The thing was a clam the size of a bathtub, and it had a death-grip on Turlough's leg. It hissed and they could actually feel and smell its fishy breath billowing around them, and the rasping sounds as other clams started moving towards them, growling, reacting to the noise or the motion.
"Don't let it take you away!" the Doctor shouted, looking frantically for a weapon.
"I'm trying!" Turlough nearly shrieked; he'd been knocked onto his backside, and his fingers raked uselessly at the sand as he tried to pull free.
Then he had an idea. He grabbed fistfuls of the sand and started pelting the clam with it, forcing it into the gap in its shell, hoping to choke it. The clam growled, and then let out a rattling string of almost-coughs, but it did not let go.
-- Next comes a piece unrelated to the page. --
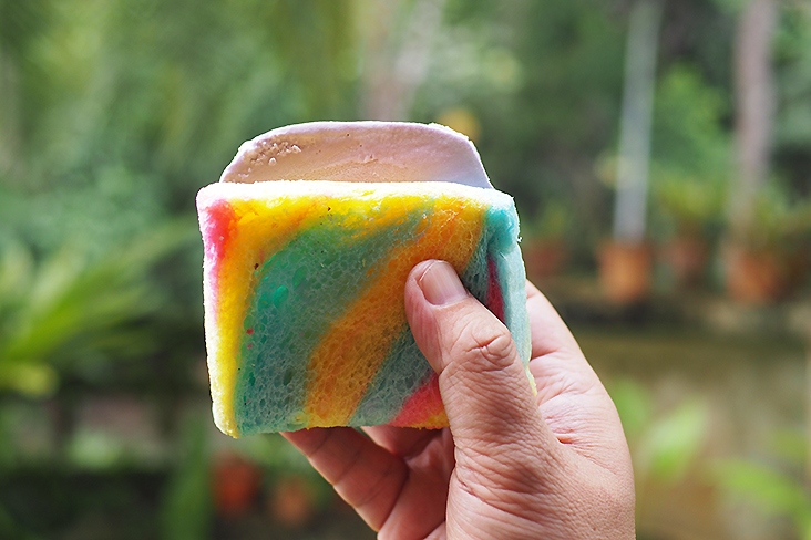 What makes her unique is she sells the ice cream with rainbow bread (RM6 per loaf). It was her own initiative to find someone who bakes that fluffy rainbow bread.

CLANG! came right by Turlough's ear. The Doctor had found a long metal pole; as he jabbed at the clam, a banner on the pole fluttered distractingly. But he finally managed to work it into the opening of the clam's shell, and pry its murderous mouth open enough for Turlough to slip free. He did, crawling away, and the clam snapped its shell shut, breaking the pole.
"Run!" the Doctor suggested, and he did, Turlough limping at his heels, until they checked at a rectangular door-shaped hole burnt into the stone of the cave. There was a sign, of course: DOCTOR'S TUNNEL.
"Making it easy for us, I see," said Turlough, bending to rub his bruised leg. It wasn't broken, but it felt quite thoroughly squashed. "And what's that on your stick, anyway?"
The Doctor looked at the end of the metal pole he was still holding, and then stretched out the scrap of fabric so they could read it.
DOCTOR'S CLAM PICK, it said. The Doctor dropped it, and he and Turlough went through the darkened stone passage.